Synapse-like memristor-based electronic device detects brain spikes in real time

Could lead to future autonomous, fully implantable neuroprosthetic devices
September 30, 2016

Memristor chip (credit: University of Southampton)

A bio-inspired electronic device called a memristor could allow for real-time processing of neuronal signals (spiking events), new research led by the University of Southampton has demonstrated.

The research could lead to using multi-electrode array implants for detecting spikes in the brain’s electrical signals from more than 1,000 recording channels to help treat neurological conditions, without requiring expensive, high-bandwidth, bulky systems for processing data. The research could lead to future autonomous, fully implantable neuroprosthetic devices.

Schematic illustration of a solid-state titanium-oxide memristive device and atomic force microscopic (AFM) image a portion of a 32 × 32 crossbar array of memristors (credit: Isha Gupta/Nature Communications)

A memristors is an electronic component that limits or regulates the flow of electrical current in a circuit, can remember the amount of charge that was flowing through it, and retain that data, even when the power is turned off. The researchers used an array of memristors.

The research team designed a new nanoscale device they called a “memristive integrating sensor” (MIS) based on a memristors and associated electronic circuits for detecting spikes.*

Acting like synapses in the brain, the MIS was able to encode and compress (up to 200 times) neuronal spiking activity recorded by multi-electrode arrays. Besides addressing the bandwidth constraints, this approach was also very power-efficient; the power needed per recording channel was up to 100 times less when compared to current best practice.

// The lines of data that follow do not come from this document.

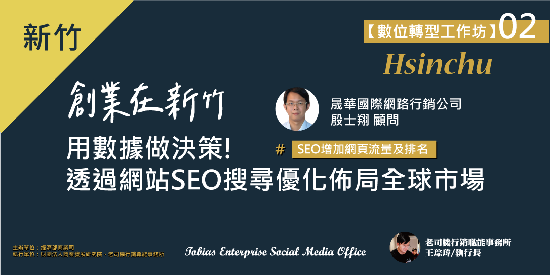 3/24【新竹】數位轉型工作坊:用數據做決策!透過網站SEO搜尋優化佈局全球市場~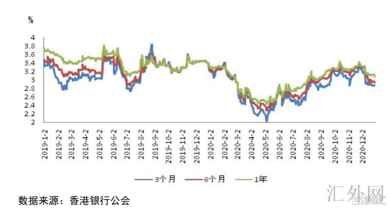2020年迄今,离岸人民币利率总的平稳,各期限分裂趋于显著,短时间限利率震荡程度放大,长期限利率总的回调。2020年底,香港银行同业人民币拆借利率(HIBOR)隔夜和7日期拆借定盘利率分别为 4.03%、2.96%,分别较上年底上涨210和56个基点;3个月、6个月和1年期利率分别为2.88%、2.94%和 3.07%,分别较2019年底下滑38、34 和28个基点。
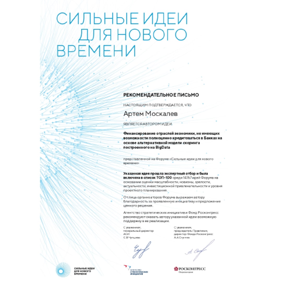 Идея финансирования отраслей экономики, не имеющих возможности полноценно кредитоваться в банках на основе альтернативной модели скоринга, построенной на BigData прошла экспертный отбор и была включена список топ-100 среди 14767 идей форума.
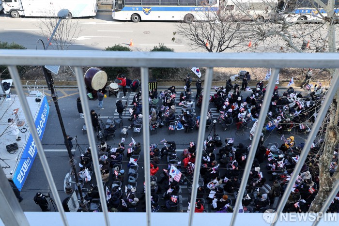 [서울=뉴스핌] 사진공동취재단 = 윤석열 대통령 탄핵심판 4차 변론기일인 23일 오후 서울 종로구 헌법재판소 인근에서 윤 대통령 지지자들이 모여 탄핵무효 구호를 외치고 있다. 2025.01.23 photo@newspim.com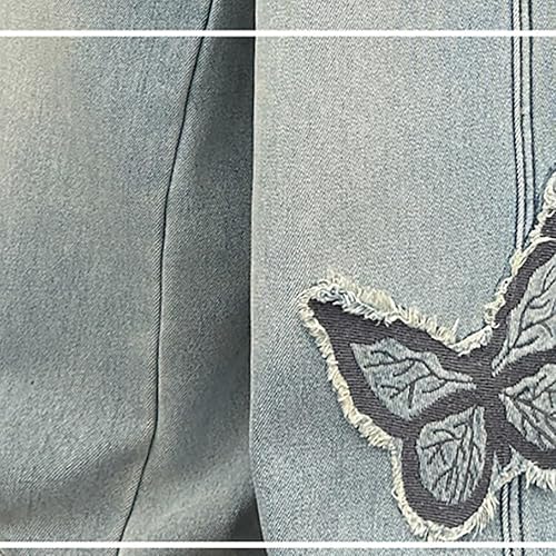 Girls Y2k Baggy Jeans Butterfly Wide Leg Straight Streetwear High Elastic Waist Denim Pants Distressed Washed Trousers(Blue,15-16 Years)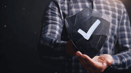 A virtual shield lock icon with the correct sign appeared on the human's hand on dark background with copy space. Cyber security, data protection, business privacy technology concept.

The research was published in the open-access journal Nature Communications.

The Prodromakis Group at the University of Southampton collaborated among others with Leon Chua (a Diamond Jubilee Visiting Academic at the University of Southampton), who theoretically predicted the existence of memristors in 1971.

This interdisciplinary work was supported by an FP7 project (the European Union’s Research and Innovation funding) and brought together engineers from the Nanoelectronics and Nanotechnology Group at the University of Southampton with biologists from the University of Padova and the Max Planck Institute, Germany, using the state-of-art facilities of the Southampton Nanofabrication Centre.

* The paper explains that signals from an array of neural electrodes are fed into the MIS system as a series of voltage-time samples. “The MIS begins by pre-amplifying the incoming signal to voltage levels suitable for operating the memristor sitting at the core of the MIS and then proceeding to apply the pre-amplified signals to the memristor in real-time. The memristor’s resistive state is assessed periodically and when a significant change in comparison to the previous state is detected, the system registers a spiking event.”

Abstract of Real-time encoding and compression of neuronal spikes by metal-oxide memristors

Advanced brain-chip interfaces with numerous recording sites bear great potential for investigation of neuroprosthetic applications. The bottleneck towards achieving an efficient bio-electronic link is the real-time processing of neuronal signals, which imposes excessive requirements on bandwidth, energy and computation capacity. Here we present a unique concept where the intrinsic properties of memristive devices are exploited to compress information on neural spikes in real-time. We demonstrate that the inherent voltage thresholds of metal-oxide memristors can be used for discriminating recorded spiking events from background activity and without resorting to computationally heavy off-line processing. We prove that information on spike amplitude and frequency can be transduced and stored in single devices as non-volatile resistive state transitions. Finally, we show that a memristive device array allows for efficient data compression of signals recorded by a multi-electrode array, demonstrating the technology’s potential for building scalable, yet energy-efficient on-node processors for brain-chip interfaces.